5. How are CCBHCs in your state coordinating with hospitals to obtain discharge notifications of inpatient/ED visits?

a. Are CCBHCs obtaining inpatient/emergency department discharge information from hospitals?

  • If not, why not (e.g., what are the primary barriers)?

b. Are records obtained electronically? Via fax?

E. Quality of care

1. How are quality measures data going to be collected during the demonstration?

Probe for:

a. CCBHC reported measures (9 required)

  • New clients – days until initial evaluation/percent of new clients evaluated within 10 days

  • Preventive care and screening: BMI

  • Preventive care and screening: Tobacco

  • Preventive care and screening: Alcohol

  • Weight assessment/nutrition counseling; Phys Activity for child/adolescent

  • Child/adolescent: MDD-Suicide risk

  • Adult: MDD-Suicide risk

  • Depression screening and follow-up plan

  • Depression remission- 12 months

b. State reported measures (12 required)

  • Housing status

  • Follow-up after discharge from emergency department for mental health

  • Follow-up after discharge from emergency department for substance use disorders

  • Plan all-cause readmission rate

  • Diabetes screening for individuals with schizophrenia or bipolar disorder using antipsychotic meds

  • Adherence to antipsychotic medication for individuals with schizophrenia

  • Adult (21+): Follow-up after hospitalization for mental illness

  • Child/adolescent: Follow-up after hospitalization for mental illness

  • Follow-up for children prescribed ADHD medication

  • Antidepressant medication management

  • Initiation/engagement of substance use disorder treatment

  • Patient/family experience of care (Survey Measures)

c. Who is responsible for collecting quality data when care is covered by an MCO or provided by a DCO?

2. How will quality measures data be used during the demonstration (e.g., performance monitoring)?

a. Reporting to CCBHC?

b. Compliance monitoring?

c. Quality bonus payment?

d. Public reporting?

e. Other benchmarking?

3. How will information on CCBHC quality measures be shared among various state agencies, with CCBHCs, consumers, families, and with the public?

a. How will CCBHC quality data be shared between clinics, managed care organizations, state Medicaid offices and state mental health departments?

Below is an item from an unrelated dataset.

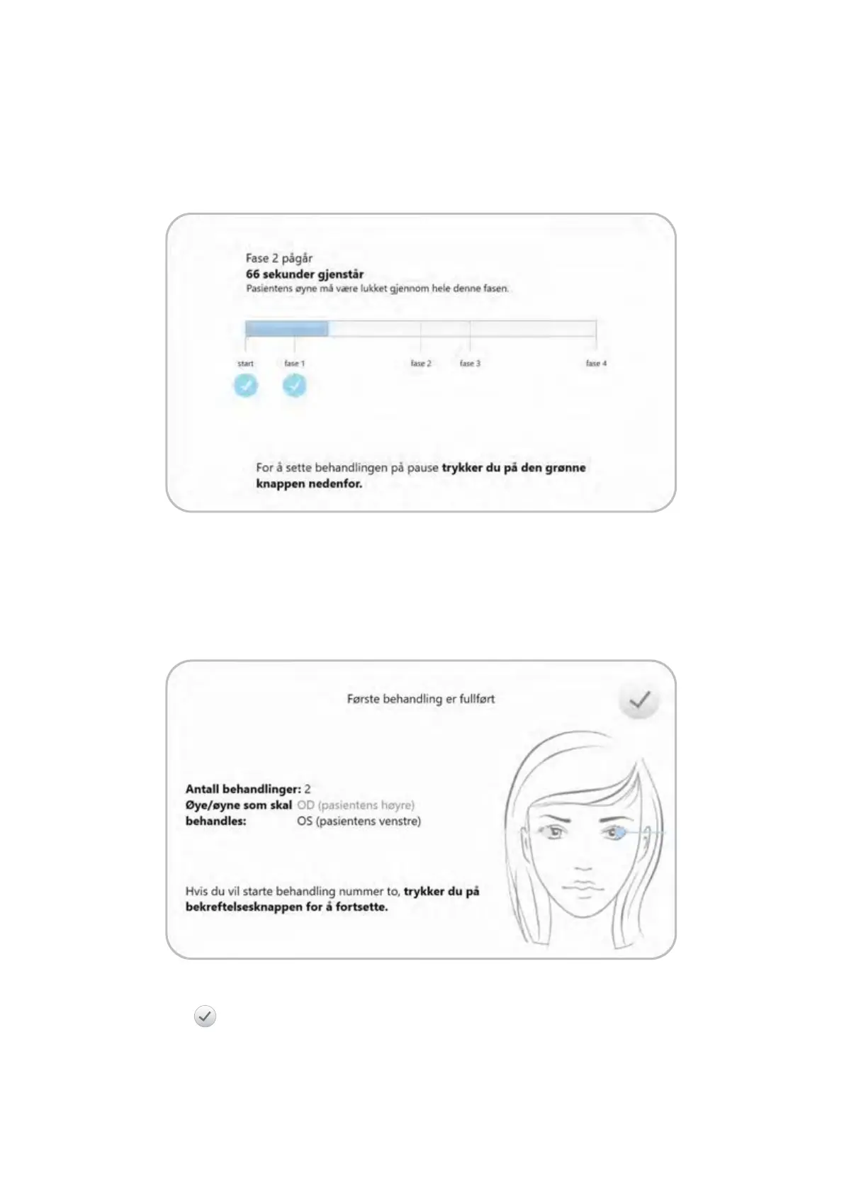 Hvis pasientens andre øye skal behandles, vil systemet vise følgende skjerm etter at de 4

b. How will this information be used?

4. Does your state currently require CMHCs or other behavioral health providers to report quality measures?

a. If so, which measures?

b. Which providers?

c. What is done with the information?

5. Does your state analyze claims data to help improve the quality of behavioral health care?

a. Does the state share claims data with the office(s) of mental health and substance use disorders?

b. How is the information used?

c. How does your state collect data on the National Outcomes Measures (NOMs) to meet your block grant reporting obligations?

d. Does your state share Health Care Effectiveness Data Information Set (HEDIS) and Medicaid core set analyses with your agency?

6. Does the state office of mental health (OMH) and/or substance use disorders monitor utilization of care in the CCBHCs?

a. What are the data sources for the OMH or office for substance use disorders?

b. Who receives information on the CCBHCs and how do they respond?

c. Does monitoring for CCBHCs differ from other community behavioral health clinics in the state?

d. Does the state OMH monitor utilization of care at DCOs?

F. Cost and payment

1. Does your state have any prior experience with prospective payment systems (PPS)?

a. In behavioral health?

b. How does the CCBHC PPS compare with those systems?

c. Does your state have dually certified FQHC/CMHCs?

2. Are there services that were formerly not reimbursed by Medicaid, but are under the CCBHC demonstration? If yes, please describe.

Probe for the following:

-What implications does this have with respect to state reporting, billing, budget, etc.(e.g., additional burden, revisions to previously existing protocols, etc.)?

3. What are current cost reporting requirements for community behavioral health clinics in your state?

a. What is the content of current cost reports?

b. How do these compare with CCBHC cost reports?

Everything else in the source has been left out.